→ **INSTRUCTIONS TO FOLLOW**
The whole listing below must be printed again exactly, images excluded.

→ **DATA TO USE**
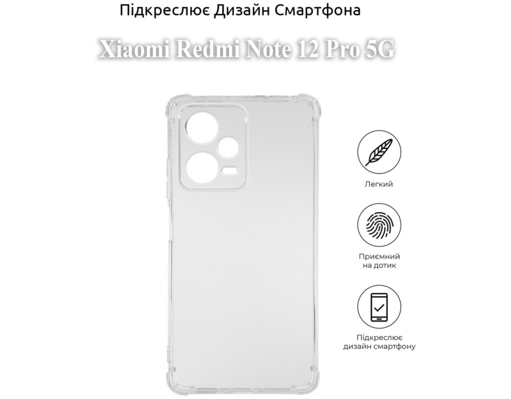 сумісність з моделями - Xiaomi Redmi Note 12 Pro, Тип чохла для телефону - накладка, Призначення - модельний, Колір - прозорий
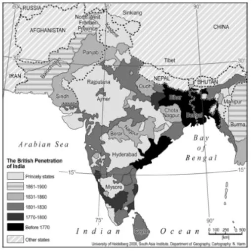 The Indians noticed the challenge posed by the British nation very slowly. Therefore their response took a long time. They were not confronted with a large foreign occupation army, which might have provoked immediate resistance. The British gradually usurped and transformed Indian institutions. After the decline of the Mughal empire, the commercialization of power had increased in India.5 Some Indian rulers mortgaged their states to merchants who organized the collection of their revenues and managed their treasury. In this context the activities of the East India Company were not unusual. This company could adjust much more easily to Indian conditions than an administration manned by royal officers of a foreign power would have done. The servants of the East India Company could play many roles. Initially they were hired as commercial employees only. Their salaries were meager, and they had to pay a large deposit when beginning their career. It was taken for granted that they would enrich themselves in India. The deposit would be forfeited only if they hurt the company’s interest by their machinations. If they served the company well, they could quickly rise to high positions.
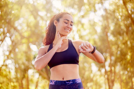 Young sportswomen drinking fresh water and reading text messages from friends on smartphone and checking time
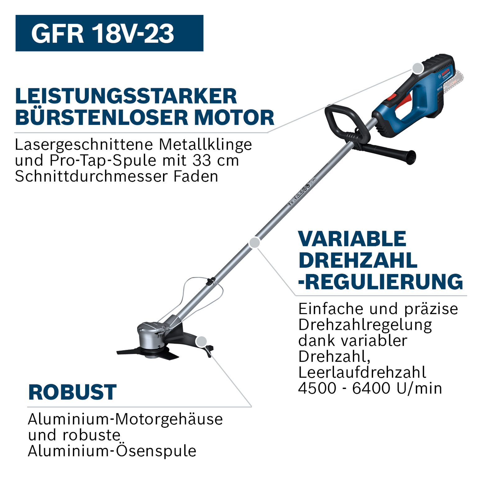 - 1x Bosch Akku-Freischneider GFR 18V-23 Solo
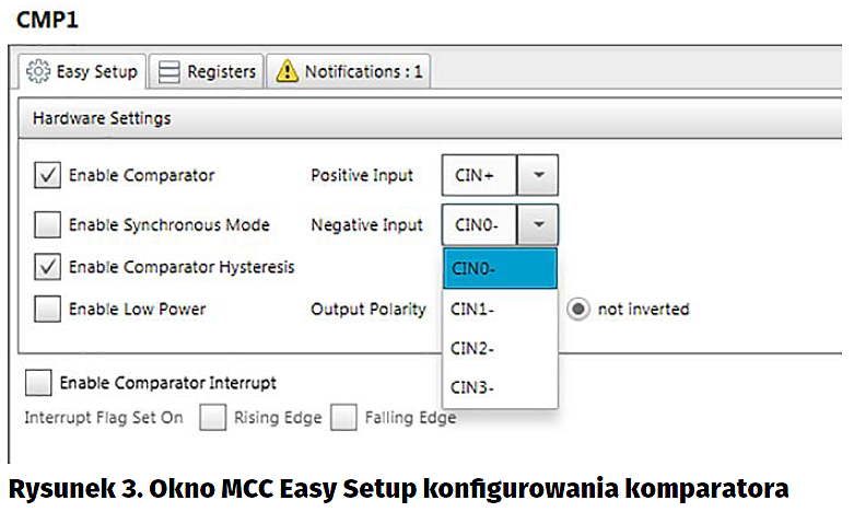 Nawet tak prosty w działaniu moduł wymaga skonfigurowania: trzeba wybrać sygnały wejściowe, ustalić polaryzację sygnału wyjściowego (wprost/zanegowany), skonfigurować polaryzację sygnału wyzwalania przerwania, włączyć lub wyłączyć histerezę przełączania, zaprogramować przypisanie wyjść sygnału CxOUT (moduł PPS) i w końcu włączyć moduł.
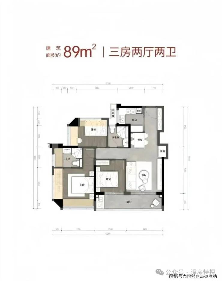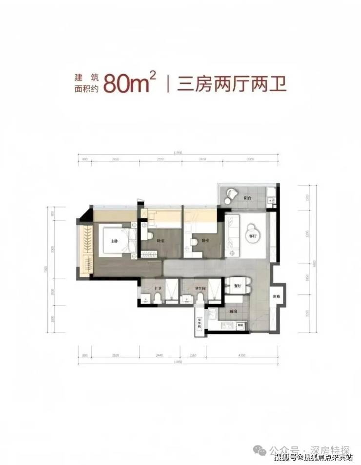 户型:建面约80-110㎡三到四房两卫
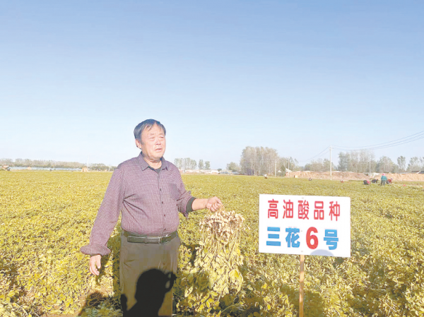 “政府推行项目供种就是好,俺今年种植的几亩花生,全是河南省三九种业有限公司供应的红罗山牌花生一代原种‘三花6号’高油酸花生品种,果多、粒籽大、饱满,俺非常满意!”该村花生种植户冯道修兴奋地说。
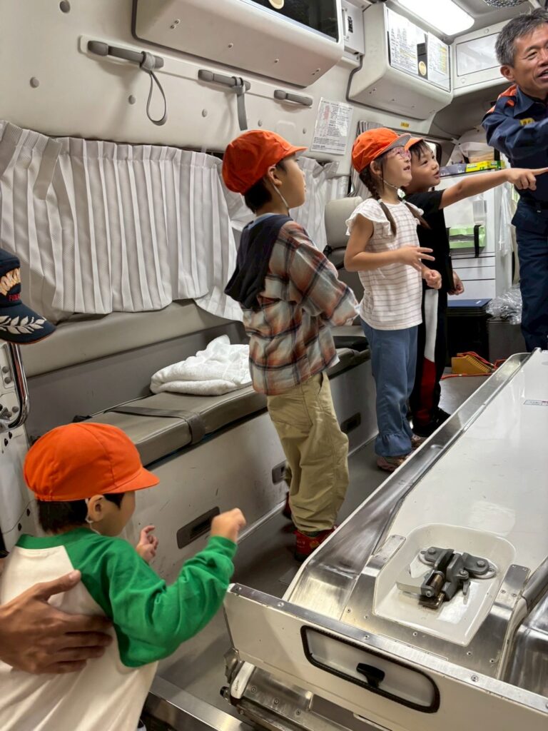 たまたま救急車の出動を見ることができて、「音大きかった!」「すごい!」と目をキラキラ輝かせていたこども達でした🤩
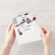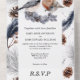 A beautiful all-in-one woodland watercolor invitation featuring a beaitiful tit and Robin bird standing on a silver pine branch that has a single brown pine cone on it. They are framed by a pretty blue grey, brown and pale grey background that is filled with pine cones, berries and leaf foliage branches. The bottom third has a tear off response card with personalized rsvp address for your guests to complete. These are ideal for winter country or fall celebrations and woodland forest theme parties.
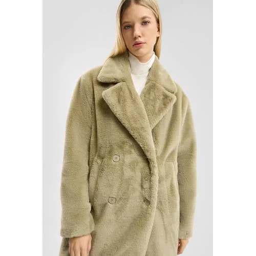 QS faux fur jas lichtkaki

→ **PROBLEM SOLUTION**
 сумісність з моделями - Xiaomi Redmi Note 12 Pro, Тип чохла для телефону - накладка, Призначення - модельний, Колір - прозорий
 The Indians noticed the challenge posed by the British nation very slowly. Therefore their response took a long time. They were not confronted with a large foreign occupation army, which might have provoked immediate resistance. The British gradually usurped and transformed Indian institutions. After the decline of the Mughal empire, the commercialization of power had increased in India.5 Some Indian rulers mortgaged their states to merchants who organized the collection of their revenues and managed their treasury. In this context the activities of the East India Company were not unusual. This company could adjust much more easily to Indian conditions than an administration manned by royal officers of a foreign power would have done. The servants of the East India Company could play many roles. Initially they were hired as commercial employees only. Their salaries were meager, and they had to pay a large deposit when beginning their career. It was taken for granted that they would enrich themselves in India. The deposit would be forfeited only if they hurt the company’s interest by their machinations. If they served the company well, they could quickly rise to high positions.
 Young sportswomen drinking fresh water and reading text messages from friends on smartphone and checking time
 - 1x Bosch Akku-Freischneider GFR 18V-23 Solo
 Nawet tak prosty w działaniu moduł wymaga skonfigurowania: trzeba wybrać sygnały wejściowe, ustalić polaryzację sygnału wyjściowego (wprost/zanegowany), skonfigurować polaryzację sygnału wyzwalania przerwania, włączyć lub wyłączyć histerezę przełączania, zaprogramować przypisanie wyjść sygnału CxOUT (moduł PPS) i w końcu włączyć moduł.
 户型:建面约80-110㎡三到四房两卫
 “政府推行项目供种就是好,俺今年种植的几亩花生,全是河南省三九种业有限公司供应的红罗山牌花生一代原种‘三花6号’高油酸花生品种,果多、粒籽大、饱满,俺非常满意!”该村花生种植户冯道修兴奋地说。
 たまたま救急車の出動を見ることができて、「音大きかった!」「すごい!」と目をキラキラ輝かせていたこども達でした🤩
 A beautiful all-in-one woodland watercolor invitation featuring a beaitiful tit and Robin bird standing on a silver pine branch that has a single brown pine cone on it. They are framed by a pretty blue grey, brown and pale grey background that is filled with pine cones, berries and leaf foliage branches. The bottom third has a tear off response card with personalized rsvp address for your guests to complete. These are ideal for winter country or fall celebrations and woodland forest theme parties.
 QS faux fur jas lichtkaki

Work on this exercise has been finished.